(Items from a dataset)
= = = =

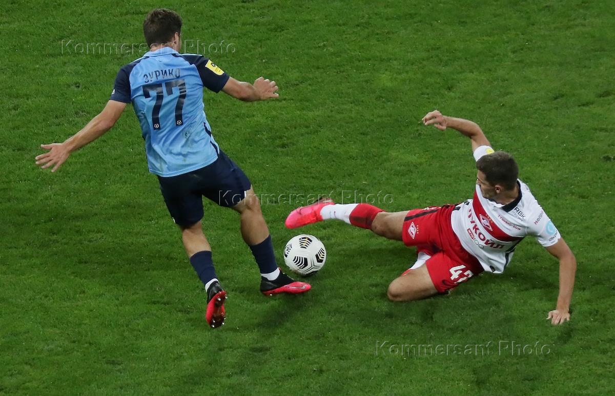 Российская Премьер-Лига (РПЛ). Тинькофф - Чемпионат России по футболу 2020/2021. 5-й тур. Матч между командами "Ротор" (Волгоград) и "Спартак" (Москва) на стадионе "Волгоград Арена". Игрок команды "Спартак" Роман Зобнин (справа) и игрок команды "Ротор" Зурико Давиташвили (слева) во время матча.
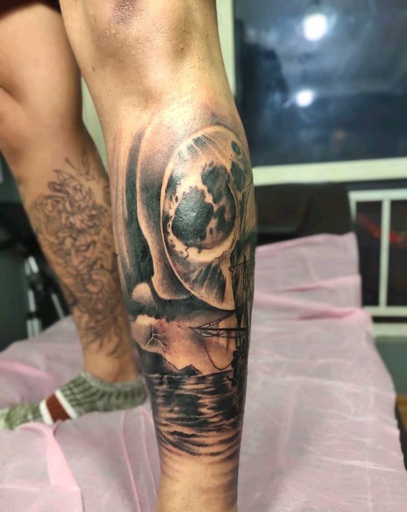 当前位置: 首页 >陕西省西安市纹身店-TATTOO HONE纹身工作室纹身图案>【帆船】纹身图片_腿部欧美写实纹身图案
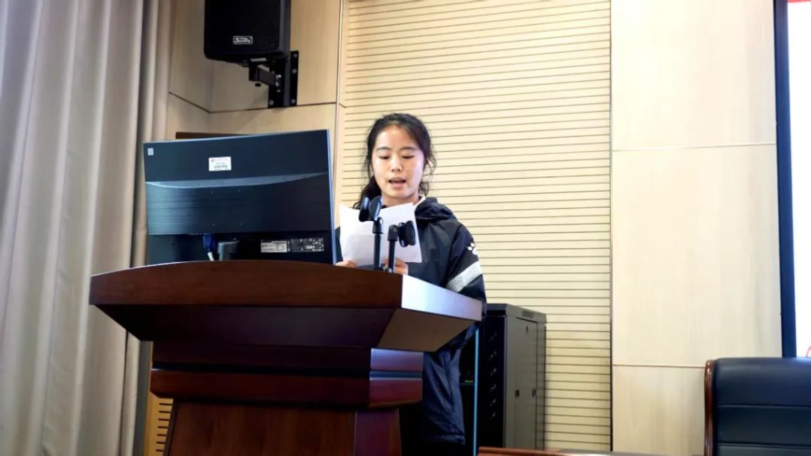 7位参赛选手 一一上台讲述了自己独特的人生经历及其自强不息的精神,充分展现了公司学子坚韧不拔的意志和力争上游的勇气和力量。值得一提的是,费艳云在2023年家庭变故后,以日夜苦读和赛场拼搏回应命运,荣获多项国家级奖项;陈可欣家中三孩求学、老人医疗开销巨大,却将经济压力化为动力,以坚韧毅力立志改变命运;张译心自大一便通过家教、商演等兼职实现经济独立,主动为家庭减负,品学兼优......他们以坚韧为笔、奋斗为墨书写的“自强”精神,是值得所有人品读的人生华章。
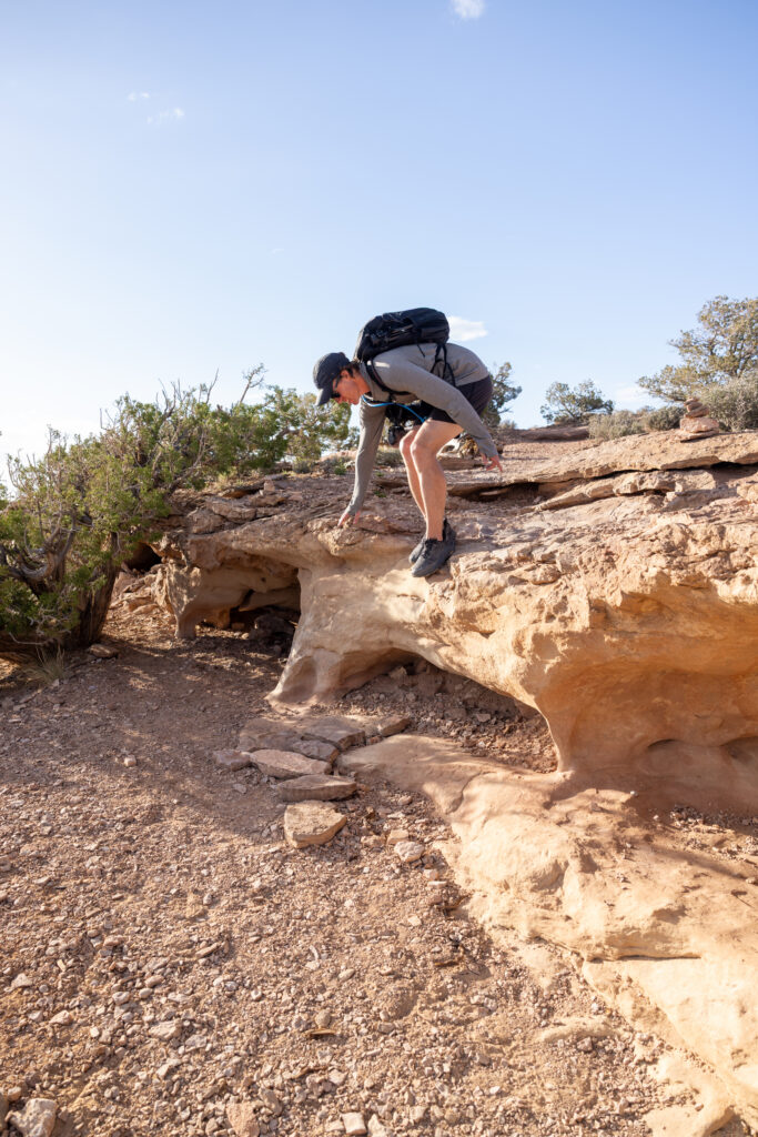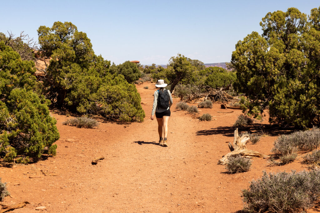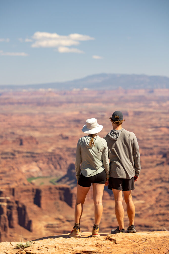 Some of the biggest essentials while hiking in Canyonlands National Park are ample hydration and sun protection. Our favorite ways to hit both of these are by carrying water bladders with our favorite electrolytes instead of tons of heavy water bottles and wearing a mix of sunscreen, sun shirts, and wide-brimmed hats. In this section, we outline everything else that came in handy for us.
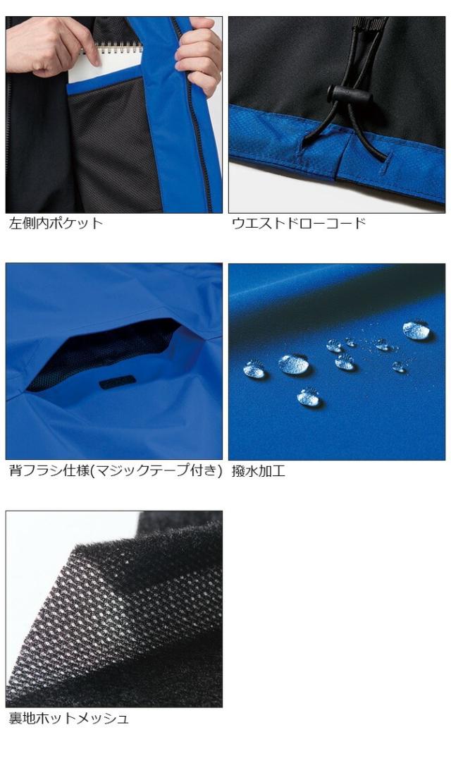 マイクロソフトシェル 表地:強撥水加工、防風ラミネート加工、耐水性10,000mm 裏地:ホットメッシュ(保温性) 混率:ポリエステル100% |
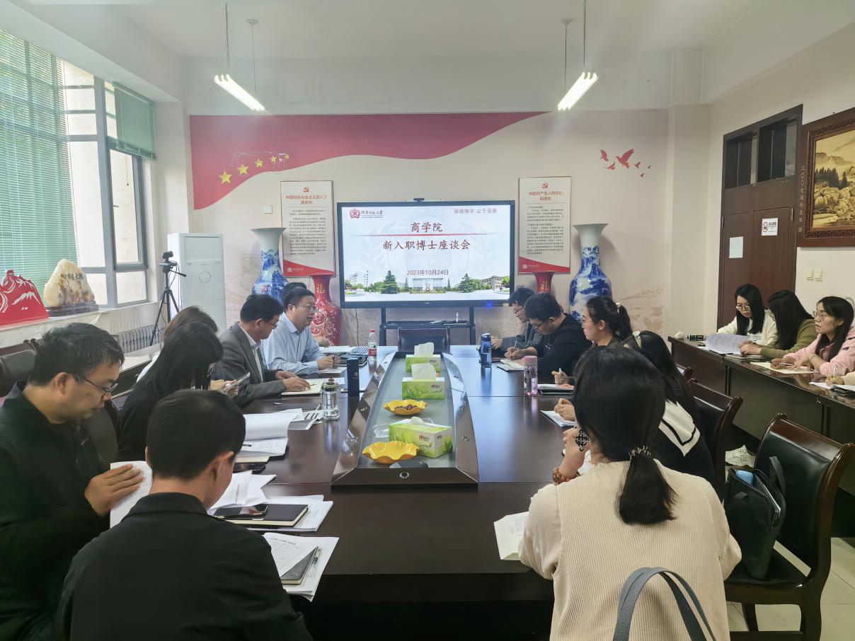 10月25日下午,商学院在学院二楼会议室召开了新入职教师座谈会,学院全体领导班子成员、近三年入职青年教师参加了此次会议。座谈会由学院副院长刘新争主持。
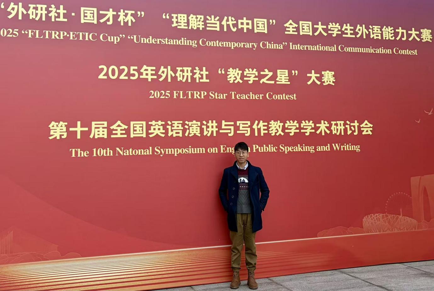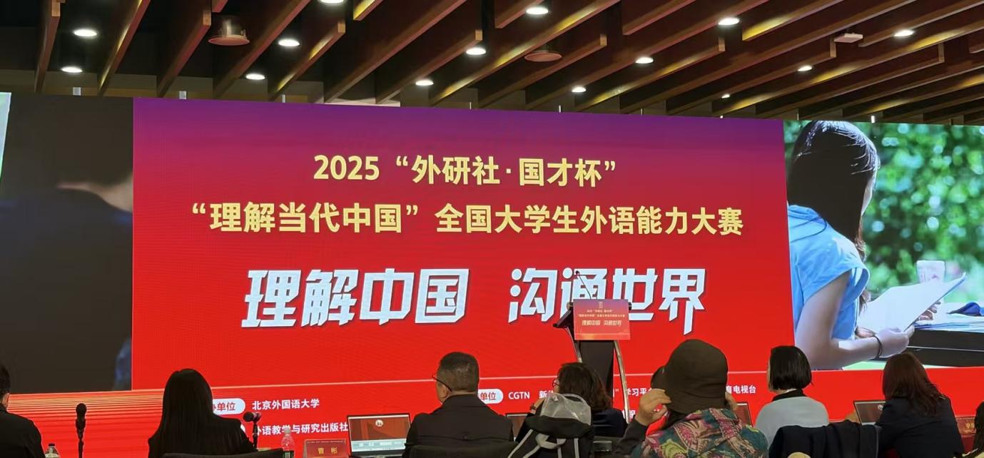 2025年12月6日,“外研社·国才杯”“理解当代中国”全国大学生外语能力大赛英语组国际传播综合能力赛项国赛第三阶段在北京举办。我院教师刘勇亲临现场观摩,为学院赛事组织与选手培养积累宝贵经验。
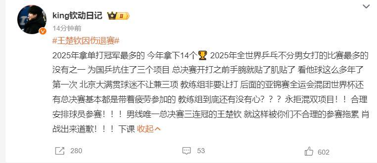 很多的球迷都覺得王楚欽選擇退賽是對的,有了傷病就該保護自己,剛剛打完混團世界盃又來總決賽兼項,莎頭兩人都太累了,王楚欽該好好休息。
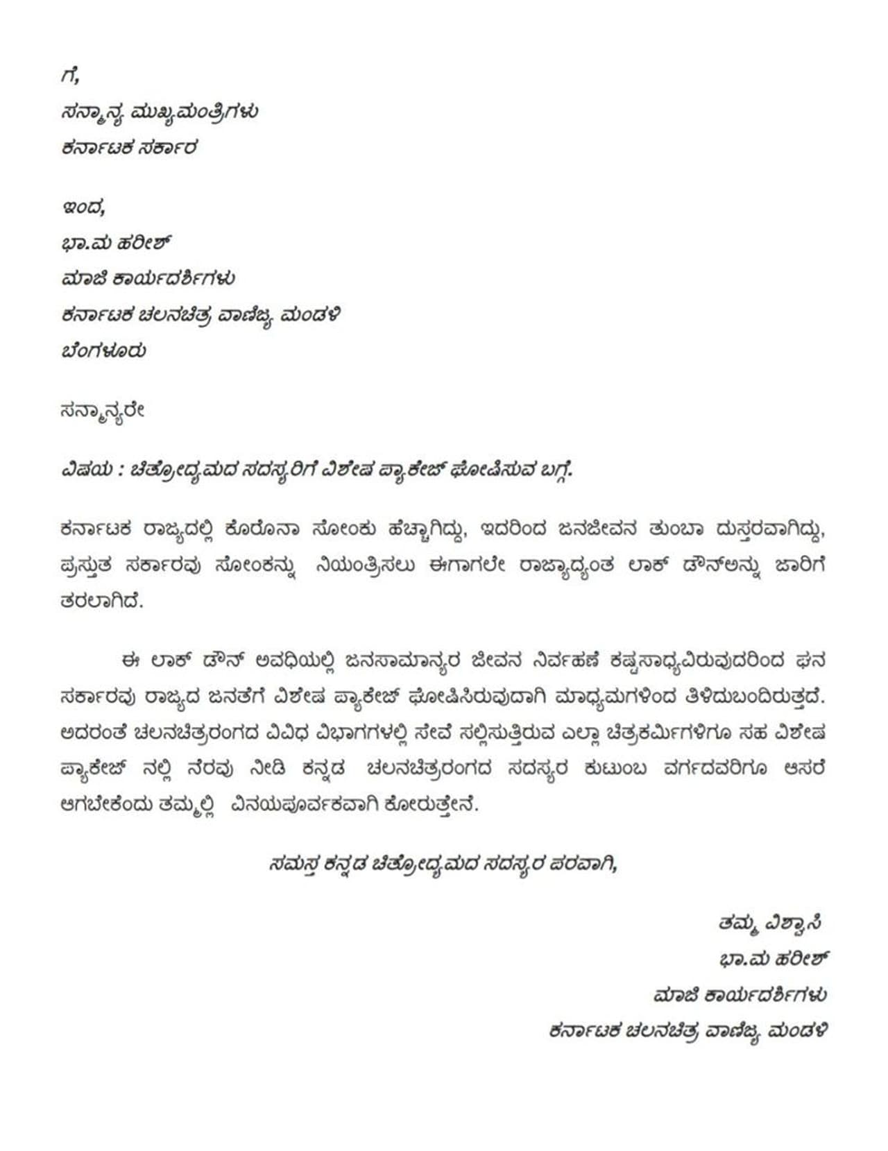 ಕರ್ನಾಟಕ ಚಲನಚಿತ್ರ ವಾಣಿಜ್ಯ ಮಂಡಳಿ ಕಾರ್ಯಕಾರಿ ಸಮಿತಿ ಸದಸ್ಯರಾದ ಭಾ.ಮಾ ಹರೀಶ್ ಮಾನ್ಯ ಮುಖ್ಯಮಂತ್ರಿ ಅವರಿಗೆ ಪತ್ರ ಬರೆಯುವ ಮೂಲಕ ಚಿತ್ರೋದ್ಯಮ ಸದಸ್ಯರಿಗೆ ವಿಶೇಷ ಪ್ಯಾಕೇಜ್ ಹಾಗೂ ಕೋವಿಡ್ ಕೇಂದ್ರಗಳನ್ನು ಆರಂಭಿಸುವ ಬಗ್ಗೆ ಮನವಿ ಮಾಡಿಕೊಂಡಿದ್ದಾರೆ.
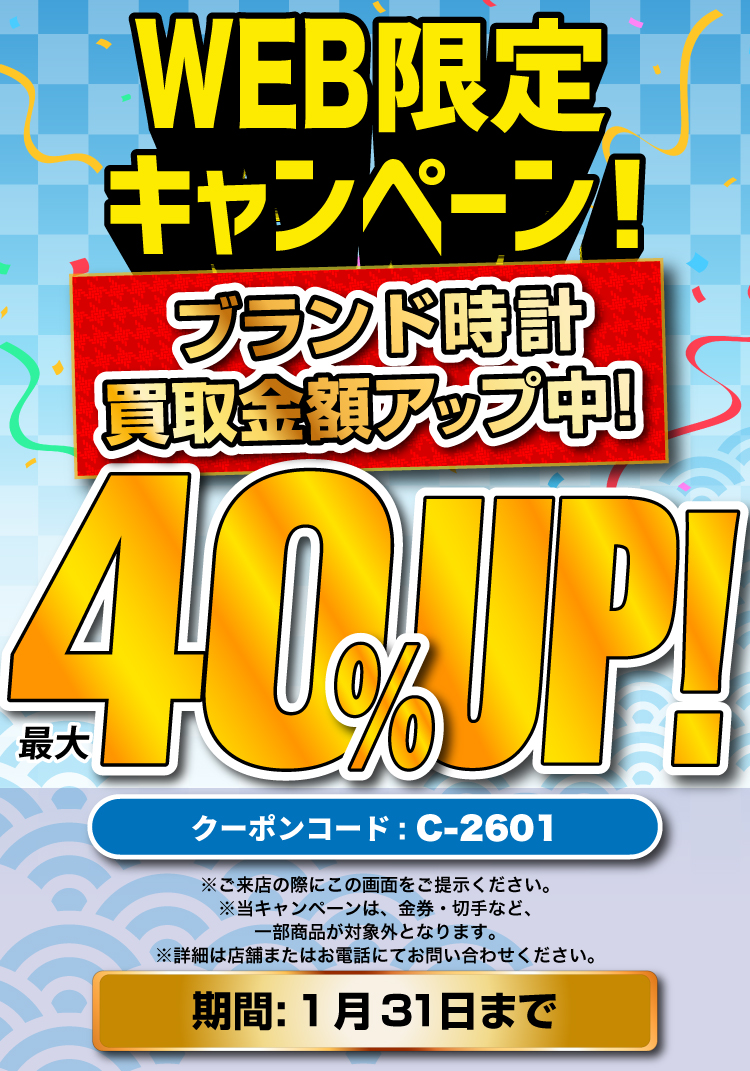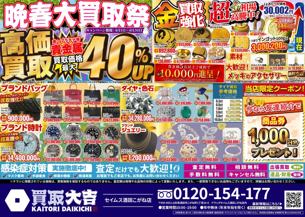 キャンペーン実施店舗 よくあるご質問 買取価格は主にどんな要素から決まるのでしょうか? お品物の状態や付属品の有無、最新相場、流通量などによって買取価格を算出します。 どんなものを買い取ってもらえますか? 金・貴金属・ブランド品はもちろん、お値段がつくか迷われているものも是非お持ちください。 傷や汚れのあるアイテムでも買取可能ですか? 大歓迎です。未使用品などのお持ち込みは少なく、傷や汚れのあるアイテムをお持ちいただく方が半数以上です。状態の悪いお品物やカビなどがあってもお買取可能なケースもございます。 どんな情報があればすぐに査定額を教えてもらえますか? お品物の名前や種類、状態、またはブランド名、型番などの情報があると、概ねの査定額をお伝えできるかと思います。 店舗での査定時間はどのくらいですか? お品物の種類や個数にもよりますが、約5分から30分ほどの査定時間となるケースが多いです。事前にある程度の査定時間をお伝えいたしますので、ご安心ください。
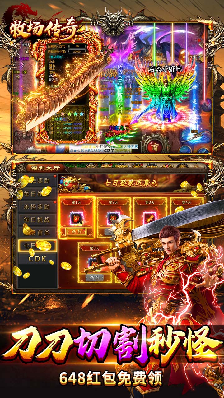 《牧场传奇》是一款全新经典单职业中变传奇,永久内置3折福利,开局免费赠送豪华首充,开局自动拾取、范围拾取、刀刀绿毒、刀刀切割,每天登录、在线、打BOSS均可领取海量红包。游戏玩法多样,养成神器神葫全屏秒杀全屏切割,我们保留对传奇的初心不变,一切装备都可游戏产出,任何货币都可游戏产出。只要你肯花时间,就可以吊打一切!
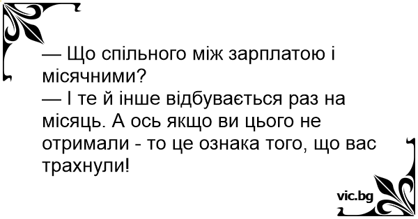 — І те й інше відбувається раз на місяць. А ось якщо ви цього не отримали - то це ознака того, що вас трахнули!
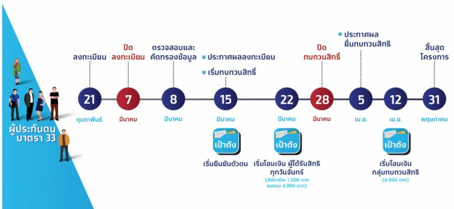 เมื่อวานนี้ (4 มี.ค.) นายทศพล กฤตวงศ์วิมาน เลขาธิการสำนักงานประกันสังคม กระทรวงแรงงาน เปิดเผยถึงการดำเนินงานโครงการ ม33เรารักกัน ว่า ผู้ประกันตนมาตรา 33 สามารถลงทะเบียนผ่านเว็บไซต์ www.ม33เรารักกัน.com เพื่อรับสิทธิเงินช่วยเหลือเยียวยาค่าครองชีพจากรัฐบาล คนละ 4,000 บาท ซึ่งได้เปิดให้ลงทะเบียนมาตั้งแต่วันที่ 21 กุมภาพันธ์ – 7 มีนาคม 2564
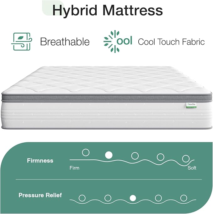 About This 【Hybrid construction enhances comfort】: Indulge in the ultimate sleep experience with the Novilla king size mattress, which combines...
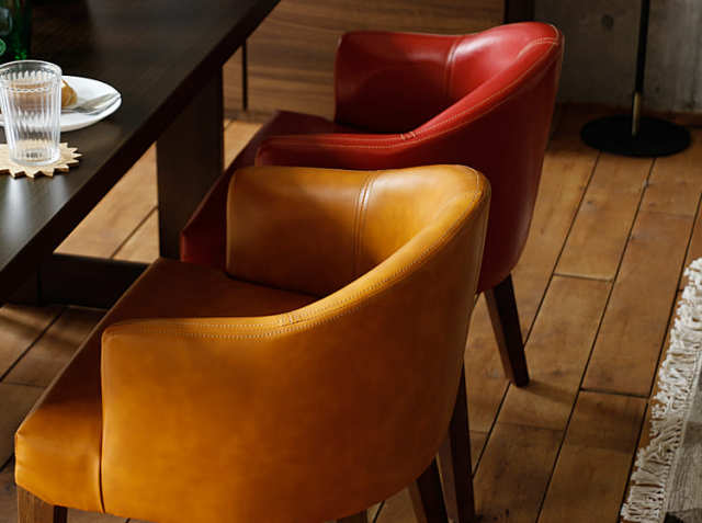 ナチュラルヴィンテージテイストのデザインで、優しさや温かみを感じさせるダイニングチェア。全体的なイメージは、丸みを持たせたフォルムが印象的で、バイキャストレザーで座面全体を包み込んだ仕様にすることで、より重厚感が増し、高級感のある雰囲気を醸し出します。座面は固めで安定感が良く、背もたれや肘掛けまでクッションが入っていてソフトな肌あたり。背もたれが低めなのでダイニング空間に圧迫感を与えないのもポイント♪
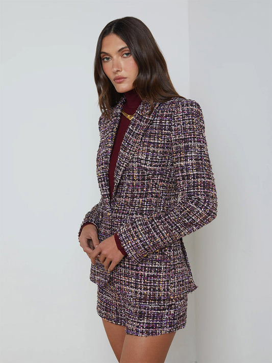 L'Agence Chamberlain Tweed Blazer in Purple Multi

= = = =

▶ **Task goal**
With pictures left out, transcribe each line from the one containing "About This 【Hybrid" through the end of the data, both ends included.

▶ **Result below**
 About This 【Hybrid construction enhances comfort】: Indulge in the ultimate sleep experience with the Novilla king size mattress, which combines...
 ナチュラルヴィンテージテイストのデザインで、優しさや温かみを感じさせるダイニングチェア。全体的なイメージは、丸みを持たせたフォルムが印象的で、バイキャストレザーで座面全体を包み込んだ仕様にすることで、より重厚感が増し、高級感のある雰囲気を醸し出します。座面は固めで安定感が良く、背もたれや肘掛けまでクッションが入っていてソフトな肌あたり。背もたれが低めなのでダイニング空間に圧迫感を与えないのもポイント♪
 L'Agence Chamberlain Tweed Blazer in Purple Multi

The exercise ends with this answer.